5. The Select Contracts, VA-K Contracts, VA-P Contracts, and KG Contracts are substantially similar in all material respects. They differ principally in the mix of mutual funds underlying each of the Separate Accounts, in the distribution channels used in the offering of the Contracts, and in the amount of the Credit (5% for the Select Contracts and 4% for the VA-K Contracts, KG Contracts and VA-P Contracts). There are minor differences in some contract features. Contracts may be issued as individual retirement annuities (“IRAs,” either “Traditional IRAs” or “Roth IRAs”), in connection with certain types of qualified or non-qualified plans, or as non-qualified annuities for after-tax contributions only. In some situations, the Contracts may be issued on a group basis, rather than as an individual contract. Each of the group contracts consists of (i) a basic form of group annuity contract (the “Group Contract”) issued to an employer or to a bank, trust company or other institution whose sole responsibility will be to serve as party to the Group Contract, (ii) a basic form of certificate issued under and reflecting the terms of the Group Contract, and (iii) forms of certificate endorsements to be used for specific forms of benefits under the certificates.
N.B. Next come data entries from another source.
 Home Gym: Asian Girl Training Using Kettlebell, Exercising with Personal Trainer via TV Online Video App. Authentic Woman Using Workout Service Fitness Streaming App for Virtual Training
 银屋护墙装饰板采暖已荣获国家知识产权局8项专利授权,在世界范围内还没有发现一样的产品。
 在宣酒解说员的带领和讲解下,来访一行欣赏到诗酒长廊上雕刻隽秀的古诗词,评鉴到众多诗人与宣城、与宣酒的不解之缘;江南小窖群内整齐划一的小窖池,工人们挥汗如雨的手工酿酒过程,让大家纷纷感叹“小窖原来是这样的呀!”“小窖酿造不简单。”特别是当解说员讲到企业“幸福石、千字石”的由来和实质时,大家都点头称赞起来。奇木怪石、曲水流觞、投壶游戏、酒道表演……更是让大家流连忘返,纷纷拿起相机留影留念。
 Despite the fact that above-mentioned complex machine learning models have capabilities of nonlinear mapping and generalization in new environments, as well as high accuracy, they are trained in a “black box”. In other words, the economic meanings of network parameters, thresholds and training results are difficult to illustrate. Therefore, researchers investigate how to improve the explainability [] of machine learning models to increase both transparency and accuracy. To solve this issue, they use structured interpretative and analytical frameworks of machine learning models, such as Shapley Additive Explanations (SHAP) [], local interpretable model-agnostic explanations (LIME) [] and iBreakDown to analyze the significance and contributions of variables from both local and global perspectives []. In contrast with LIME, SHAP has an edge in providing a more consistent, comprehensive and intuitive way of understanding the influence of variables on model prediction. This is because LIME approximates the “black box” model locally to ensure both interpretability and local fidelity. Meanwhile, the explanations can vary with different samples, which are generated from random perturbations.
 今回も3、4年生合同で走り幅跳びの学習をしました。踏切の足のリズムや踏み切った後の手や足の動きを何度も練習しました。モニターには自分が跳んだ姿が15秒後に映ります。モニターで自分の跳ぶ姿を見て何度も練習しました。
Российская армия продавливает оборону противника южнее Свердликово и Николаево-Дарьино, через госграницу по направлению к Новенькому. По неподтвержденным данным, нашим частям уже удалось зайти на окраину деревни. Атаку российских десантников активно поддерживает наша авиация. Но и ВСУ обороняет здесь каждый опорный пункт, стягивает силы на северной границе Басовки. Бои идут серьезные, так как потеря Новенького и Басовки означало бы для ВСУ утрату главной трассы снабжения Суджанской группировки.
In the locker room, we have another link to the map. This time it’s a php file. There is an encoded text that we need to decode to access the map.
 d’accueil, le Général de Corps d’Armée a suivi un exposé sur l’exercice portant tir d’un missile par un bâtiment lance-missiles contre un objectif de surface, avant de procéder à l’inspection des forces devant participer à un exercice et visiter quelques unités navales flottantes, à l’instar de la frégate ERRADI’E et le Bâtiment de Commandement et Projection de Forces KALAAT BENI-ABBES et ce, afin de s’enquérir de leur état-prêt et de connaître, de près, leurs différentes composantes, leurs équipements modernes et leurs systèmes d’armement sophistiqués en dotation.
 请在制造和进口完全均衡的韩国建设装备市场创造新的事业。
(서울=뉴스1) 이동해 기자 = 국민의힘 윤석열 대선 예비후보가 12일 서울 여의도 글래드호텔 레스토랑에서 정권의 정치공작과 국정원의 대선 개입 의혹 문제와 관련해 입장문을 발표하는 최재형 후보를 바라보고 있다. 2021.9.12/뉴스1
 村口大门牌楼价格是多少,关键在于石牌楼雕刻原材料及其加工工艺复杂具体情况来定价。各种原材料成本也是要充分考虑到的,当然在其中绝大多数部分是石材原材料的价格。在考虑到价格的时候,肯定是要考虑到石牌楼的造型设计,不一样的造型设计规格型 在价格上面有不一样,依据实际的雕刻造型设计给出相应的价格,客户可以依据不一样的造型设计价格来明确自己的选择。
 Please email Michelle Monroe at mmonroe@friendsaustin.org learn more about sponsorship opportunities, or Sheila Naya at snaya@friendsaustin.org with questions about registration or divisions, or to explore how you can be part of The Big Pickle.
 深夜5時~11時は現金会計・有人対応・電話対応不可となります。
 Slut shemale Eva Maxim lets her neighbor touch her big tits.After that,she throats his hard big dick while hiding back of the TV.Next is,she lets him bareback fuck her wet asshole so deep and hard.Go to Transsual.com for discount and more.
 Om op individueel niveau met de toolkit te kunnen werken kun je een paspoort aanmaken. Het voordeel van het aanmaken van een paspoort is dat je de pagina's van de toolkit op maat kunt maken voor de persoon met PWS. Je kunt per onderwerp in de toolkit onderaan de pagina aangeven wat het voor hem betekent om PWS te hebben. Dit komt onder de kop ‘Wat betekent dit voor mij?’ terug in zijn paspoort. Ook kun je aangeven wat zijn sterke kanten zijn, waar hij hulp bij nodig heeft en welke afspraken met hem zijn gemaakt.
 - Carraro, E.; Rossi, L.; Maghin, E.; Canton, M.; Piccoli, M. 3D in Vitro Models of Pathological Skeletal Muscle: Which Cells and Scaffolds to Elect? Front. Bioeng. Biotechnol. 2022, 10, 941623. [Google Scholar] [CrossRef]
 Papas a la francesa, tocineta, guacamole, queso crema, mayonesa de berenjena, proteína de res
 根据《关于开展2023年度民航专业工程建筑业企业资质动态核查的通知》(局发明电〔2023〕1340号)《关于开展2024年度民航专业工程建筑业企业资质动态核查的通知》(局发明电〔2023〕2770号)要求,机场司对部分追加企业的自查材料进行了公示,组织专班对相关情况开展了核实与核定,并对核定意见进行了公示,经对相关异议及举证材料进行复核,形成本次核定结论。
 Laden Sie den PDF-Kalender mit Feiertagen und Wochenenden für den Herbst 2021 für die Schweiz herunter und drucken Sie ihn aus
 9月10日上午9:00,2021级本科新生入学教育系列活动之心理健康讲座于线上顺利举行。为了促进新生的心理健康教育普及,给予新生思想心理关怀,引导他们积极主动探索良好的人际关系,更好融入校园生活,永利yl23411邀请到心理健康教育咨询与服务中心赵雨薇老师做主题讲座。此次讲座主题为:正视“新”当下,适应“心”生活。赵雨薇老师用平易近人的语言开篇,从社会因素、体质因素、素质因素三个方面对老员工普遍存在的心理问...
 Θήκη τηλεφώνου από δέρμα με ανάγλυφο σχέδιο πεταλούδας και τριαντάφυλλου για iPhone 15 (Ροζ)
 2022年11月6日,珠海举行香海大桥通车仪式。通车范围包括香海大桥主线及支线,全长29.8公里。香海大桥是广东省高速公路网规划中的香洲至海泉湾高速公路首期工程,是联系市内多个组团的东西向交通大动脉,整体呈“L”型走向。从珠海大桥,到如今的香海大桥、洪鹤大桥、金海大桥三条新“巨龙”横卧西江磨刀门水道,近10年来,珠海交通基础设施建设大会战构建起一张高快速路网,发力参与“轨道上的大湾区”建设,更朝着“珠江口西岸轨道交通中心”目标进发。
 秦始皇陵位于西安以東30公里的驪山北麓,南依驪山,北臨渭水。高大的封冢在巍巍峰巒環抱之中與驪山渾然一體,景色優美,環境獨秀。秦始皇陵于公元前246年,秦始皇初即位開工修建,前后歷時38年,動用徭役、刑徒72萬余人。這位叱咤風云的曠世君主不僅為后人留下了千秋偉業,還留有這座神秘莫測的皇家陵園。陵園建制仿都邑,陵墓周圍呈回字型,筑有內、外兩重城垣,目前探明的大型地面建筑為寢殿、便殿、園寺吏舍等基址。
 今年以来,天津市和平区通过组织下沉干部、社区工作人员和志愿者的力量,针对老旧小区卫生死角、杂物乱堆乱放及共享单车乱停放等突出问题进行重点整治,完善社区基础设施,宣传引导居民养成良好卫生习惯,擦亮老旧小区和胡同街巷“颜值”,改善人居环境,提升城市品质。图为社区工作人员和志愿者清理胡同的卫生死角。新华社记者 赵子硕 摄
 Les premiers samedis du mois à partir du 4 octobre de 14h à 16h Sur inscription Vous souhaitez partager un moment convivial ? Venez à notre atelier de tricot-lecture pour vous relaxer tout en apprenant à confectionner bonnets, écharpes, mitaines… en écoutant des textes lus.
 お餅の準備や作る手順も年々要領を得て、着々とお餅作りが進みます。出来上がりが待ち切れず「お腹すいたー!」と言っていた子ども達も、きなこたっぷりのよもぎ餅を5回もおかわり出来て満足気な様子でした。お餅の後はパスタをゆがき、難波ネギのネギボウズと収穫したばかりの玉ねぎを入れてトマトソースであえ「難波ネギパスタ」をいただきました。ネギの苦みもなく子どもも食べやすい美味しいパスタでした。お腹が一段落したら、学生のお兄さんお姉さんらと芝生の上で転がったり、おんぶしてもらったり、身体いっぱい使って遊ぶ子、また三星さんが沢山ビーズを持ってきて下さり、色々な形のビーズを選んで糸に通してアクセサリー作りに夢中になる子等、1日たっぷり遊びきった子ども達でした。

6. Payments may be made to the Contract at any time prior to the Annuity Date, subject to certain minimums. Currently, the initial payment must be at least $5,000 ($2,000 for IRAs), with lower minimum payments under salary deduction or monthly automatic payment plans, and for certain employer sponsored retirement plans. The minimum Start Printed Page 33116subsequent payment is $50 ($100 for KG Contracts). The Contracts permit the owner to allocate contributions to a fixed interest account (“Fixed Account”) of First Allmerica's general account, to accumulate interest at a fixed, guaranteed rate. First Allmerica's general account assets support the guarantee of principal and interest.
7. Separate Account VA-K of First Allmerica will offer thirty-six Sub-accounts under the separate Account VA-K Contracts. These Sub-Accounts will invest in a corresponding investment portfolio of the Delaware Group Premium Fund, of the Pioneer Variable Contracts Trust, of the AIM Variable Insurance funds, of The Alger American Fund, of the Alliance Variable Products Series Fund, Inc., and of the Franklin Templeton Insurance Products Trust. Allmerica Select Separate Account is currently comprised of forty Sub-Accounts, which will invest in a corresponding investment portfolio of the Allmerica Investment Trust, of the AIM Variable Insurance Funds, of the Alliance Variable Products Series Fund, Inc., of the Deutsche Asset Management VIT Funds, of the Eaton Vance Variable Trust, of the Fidelity Variable Insurance Products Fund, of the Fidelity Variable Insurance Products Fund II, of the Fidelity Variable Insurance Products Fund III, of the Franklin Templeton Variable Insurance Products Trust, of the INVESCO Variable Investment Funds, Inc., of the Janus Aspen Series, of the Pioneer Variable Contracts Trust, of the Scudder Variable Series II, and of the T. Rowe Price International Series, Inc. Separate Account KG is currently comprised of forty Sub-Accounts, which will invest in a corresponding investment series of the Kemper Variable Series, of the Scudder Variable Series I and Scudder Variable Series II, of The Alger American Fund, of the Dreyfus Investment Portfolios, of The Dreyfus Socially Responsible Growth Fund, Inc., and of the Credit Suisse Warburg Pincus Trust. Separate Account VA-P currently consists of thirty investment portfolios, which will invest in a corresponding investment portfolio of the Pioneer Variable Contracts Trust, of the AIM Variable Insurance Funds, of the Alliance Variable Products Series Fund, Inc., of the Delaware Group Premium Fund, of the Franklin Templeton Variable Insurance Products Trust, and of the Van Kampen Life Investment Trust. These Sub-Accounts are also made available to investors under other variable annuity contracts offered by First Allmerica.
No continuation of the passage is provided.